= Beginning of Section =

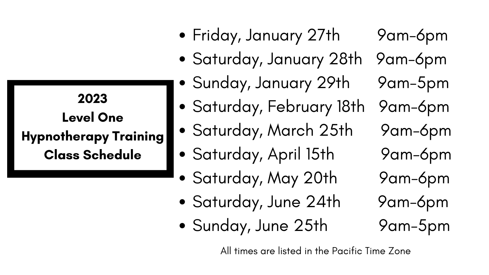 Class Schedule - Level One
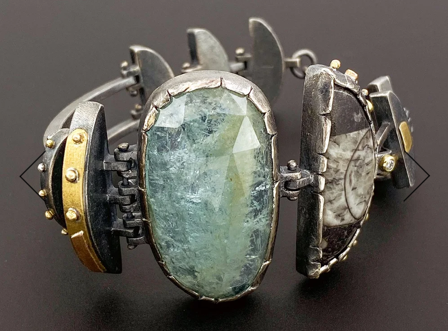 Like water itself, aquamarine ranges in color from the included blue cabochon Karen Bandy used for this ring (right) to the faceted Caribbean blue Petra Class for this necklace to the murkier, icy blue of Janine DeCresenzo paired with ancient fossils in her bracelet (below).
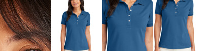 - 4.6-ounce, 95/5 polyester/spandex mesh pique; White is 5-ounce for increased coverage
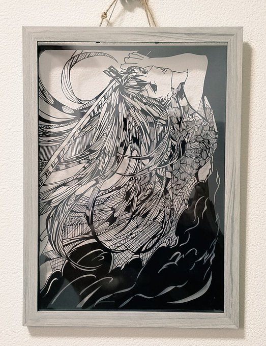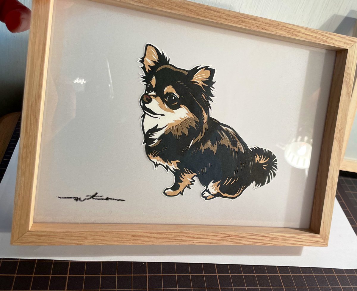 切り絵 完成しましたー!こんな感じに額装したい 6年ぶりにアイコンになっている娘を切り直してみました^^* 最近、視力の低下が酷くて、出来る時に制作したいので懐かしいの続きます! #切り絵 #切り絵イラスト #イラスト #papercutting #papercutart

= End of Section =

▶ **What you will do**
Print the listing exactly, images excluded.

▶ **Solution below**
 Class Schedule - Level One
 Like water itself, aquamarine ranges in color from the included blue cabochon Karen Bandy used for this ring (right) to the faceted Caribbean blue Petra Class for this necklace to the murkier, icy blue of Janine DeCresenzo paired with ancient fossils in her bracelet (below).
 - 4.6-ounce, 95/5 polyester/spandex mesh pique; White is 5-ounce for increased coverage
 切り絵 完成しましたー!こんな感じに額装したい 6年ぶりにアイコンになっている娘を切り直してみました^^* 最近、視力の低下が酷くて、出来る時に制作したいので懐かしいの続きます! #切り絵 #切り絵イラスト #イラスト #papercutting #papercutart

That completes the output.